We consider a setting where multiple mobile “agents” form a team cooperating to visit multiple “targets” to collect rewards associated with them. The “agents” may be autonomous vehicles (UAVs) or the nodes in a wireless sensor network. The team’s goal is to execute a certain “mission”. In this presentation, we consider a reward maximisation mission: each target has an associated reward and the objective is to maximise the total reward accumulated over a given time interval by visiting the targets. Complicating factors include uncertainties regarding the locations of targets and the effectiveness of collecting rewards, differences among agent capabilities, and the fact that rewards are time-varying. An event-driven Receding Horizon (RH) control scheme is presented which dynamically determines agent trajectories by solving a sequence of simple optimisation problems over a planning horizon and executing them over a shorter action horizon. Thus, the complexity of target assignment, routing, and trajectory planning is bypassed by combining all three tasks into a single efficiently scalable process. A key property of this scheme is that the trajectories are stationary, in the sense that they ultimately assign agents to targets, even though the controller is not explicitly designed to perform such discrete point assignments. This property is rigorously established using potential field methods. The presentation will include step-by-step simulation demonstrations to illustrate the performance of this approach in stochastic settings. It will also include video clips from the use of this approach in a laboratory setting at Boston University (see http:/frontera.bu.edu/CoopCtrl.html) where small mobile wirelessly cooperating robots are programmed to execute reward maximisation missions using a distributed control version of this RH approach.
About Prof Cassandras
Christos G. Cassandras is Professor of Manufacturing Engineering and Professor of Electrical and Computer Engineering at Boston University. He received degrees from Yale University (B.S., 1977), Stanford University (M.S.E.E., 1978), and Harvard University (S.M., 1979; Ph.D., 1982). In 1982-84 he was with ITP Boston, Inc. where he worked on the design of automated manufacturing systems. In 1984-1996 he was a faculty member at the Department of Electrical and Computer Engineering, University of Massachusetts/Amherst. He specialises in the areas of discrete event and hybrid systems, stochastic optimisation, and computer simulation, with applications to computer and sensor networks, manufacturing systems, and transportation systems.

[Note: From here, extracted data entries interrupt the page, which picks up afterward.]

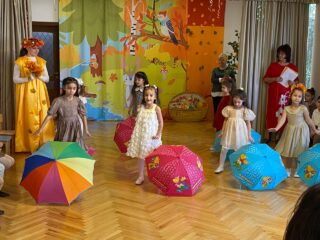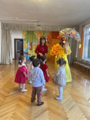 В гости к детям пришла «Осень». Ребята с удовольствием читали стихотворения, исполняли различные песни и танцы, водили хороводы, разыгрывали театральные сценки. Самым ярким и запоминающимся эпизодом во всех утренниках стал сюрпризный момент – гостинцы для всех ребят – подарок осени!
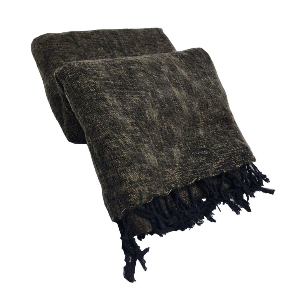Yak Wool Blanket, Nepali Acrylic Hand Loom Blanket, Color Brownish-gray |
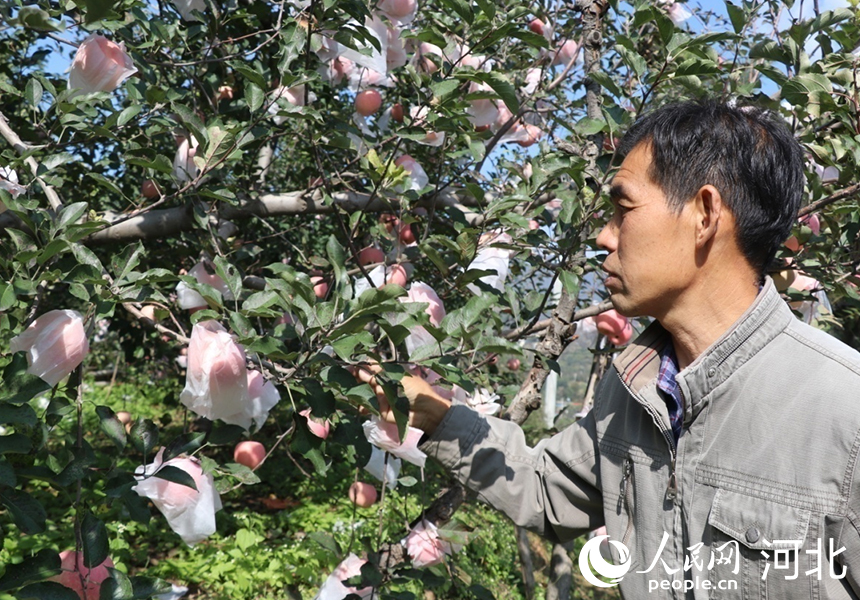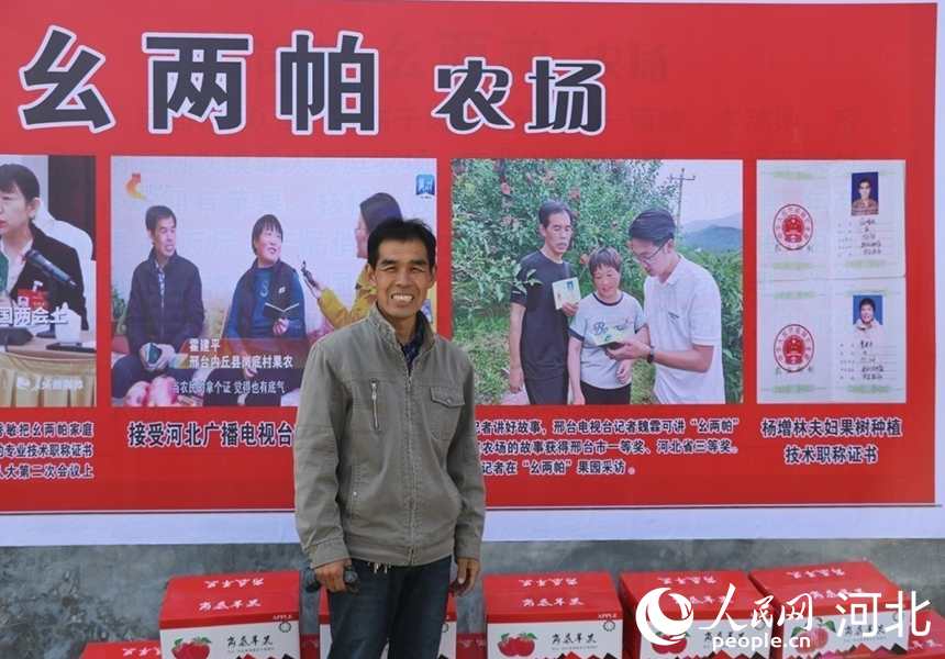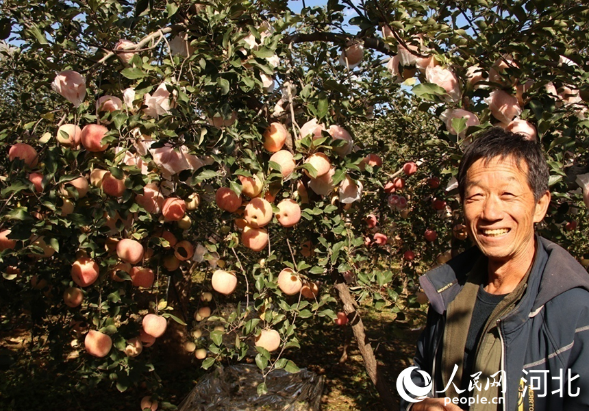河北省邢台市内丘县岗底村果农杨增林在介绍自己家的苹果。人民网记者祝龙超 摄
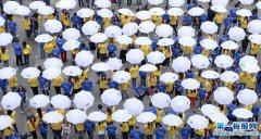 2012年5月18日,高中毕业生们在波黑首都萨拉热窝的一处广场上撑着伞跳舞。当天,共有来自10个国家的70个地区超过32000名高中毕业生一起跳起了同步四对舞,试图打破 世界上最多的人一...
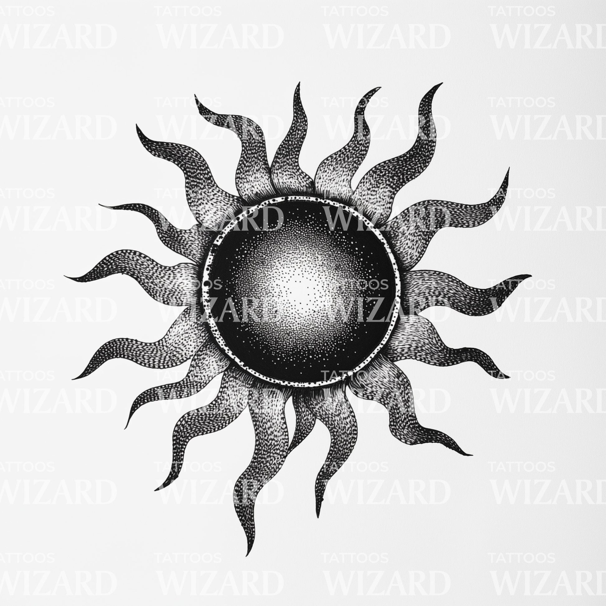 Ponořte se do zářivé přitažlivosti tohoto blackwork tetování. Ztělesňující abstraktní prvky, tento složitý obraz upravuje planoucí slunce, živé plameny a zářivé paprsky, kde se dramaticky prolínají paprsky světla. Odvážná volba pro ty, kteří se odváží odhalit svého ohnivého ducha.
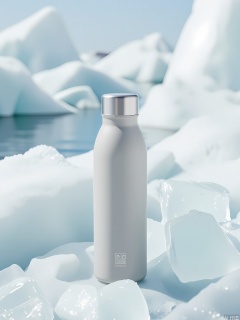 BKCJ, A high-quality, high-resolution photograph of a sleek, stainless steel coffee thermos with a vacuum-insulated design, sitting upright amidst a bed of crushed ice. The thermos features a matte finish and a push-button lid, with a minimalist logo on the side. The background showcases a frosty, glacial scene with ice formations and a pale blue hue, creating a crisp, refreshing ambiance. The lighting is soft, casting gentle shadows that accentuate the thermos's elegant curves. The thermos is placed slightly off-center, surrounded by glistening ice shards.
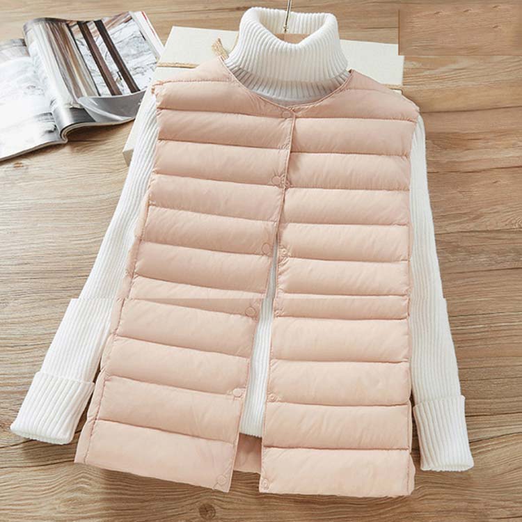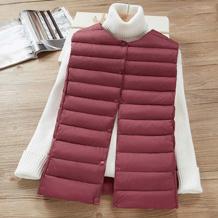 ダウンベスト レディース インナーダウン ラウンドネック 軽量 ライトダウン あったか ダウンジャケット 秋 冬 アウター 中綿ベスト 上着 ショート丈 ノーカラー 羽織り インナー ノースリーブ ジレ
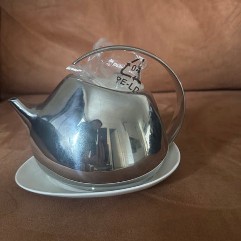 Georg Jensen tekande med tilhørende fad, sukkerskål og tebeholder. Produkterne er fremstillet i en kombination af rustfrit stål og hvidt porcelæn.
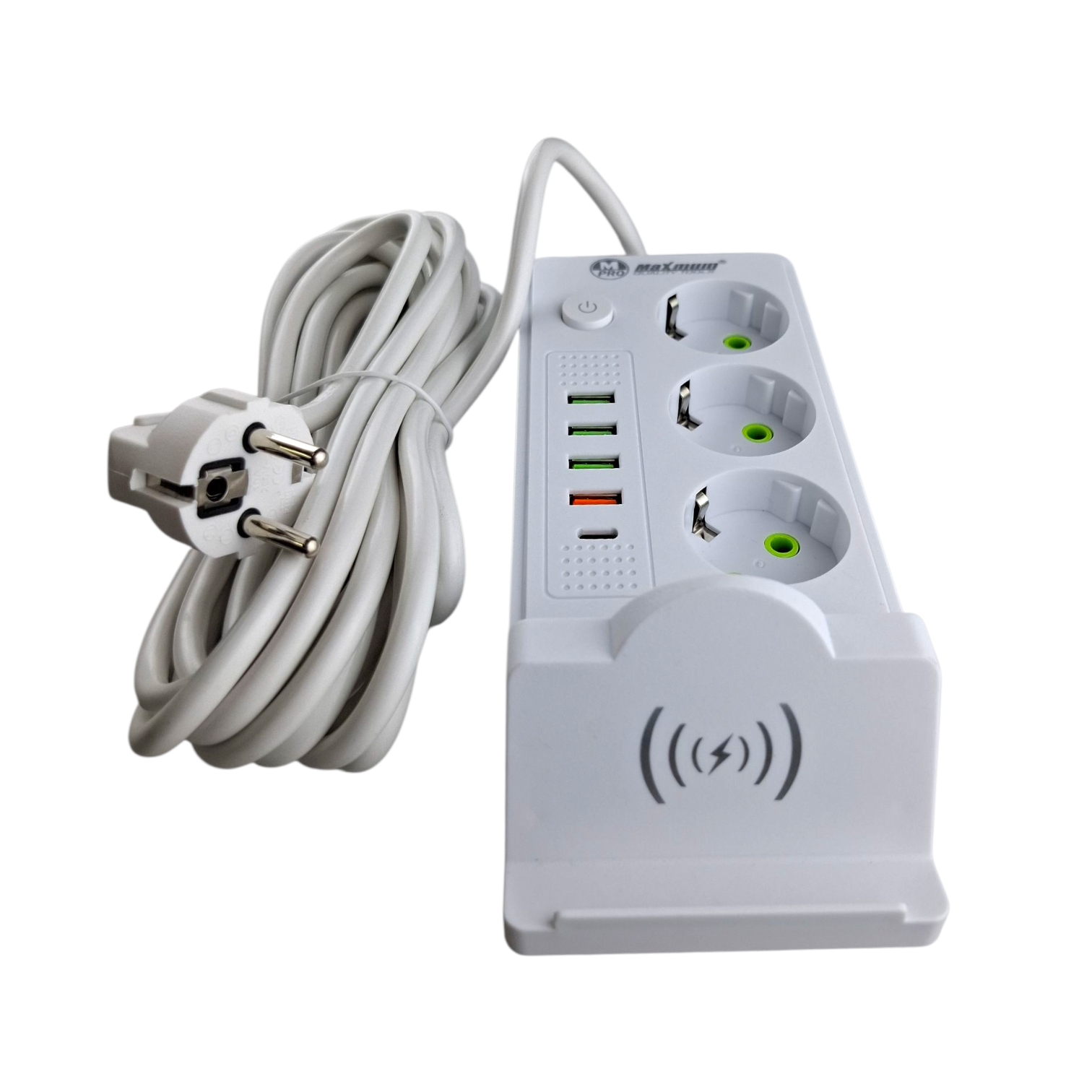 Удлинитель электрический с беспроводной зарядкой 5 метров от "Maximum Quality Tools" оборудован тремя розетками евро типа с заземлением, а также 4 USB портами и входом Type C.

He has published over 200 refereed papers in these areas, and two textbooks. He has guest-edited several technical journal issues and serves on several journal Editorial Boards. Dr. Cassandras is currently Editor-in-Chief of the IEEE Transactions on Automatic Control and has served as Editor for Technical Notes and Correspondence and Associate Editor. He is a member of the IEEE CSS Board of Governors, chaired the CSS Technical Committee on Control Theory, and served as Chair of several conferences, including the 2004 IEEE Conference on Decision and Control. He has been a plenary speaker at various international conferences, including the American Control Conference in 2001 and the IEEE Conference on Decision and Control in 2002. He is the recipient of several awards, including the 1999 Harold Chestnut Prize (IFAC Best Control Engineering Textbook) for Discrete Event Systems: Modelling and Performance Analysis, and a 1991 Lilly Fellowship. He is a member of Phi Beta Kappa and Tau Beta Pi. He is also a Fellow of the IEEE.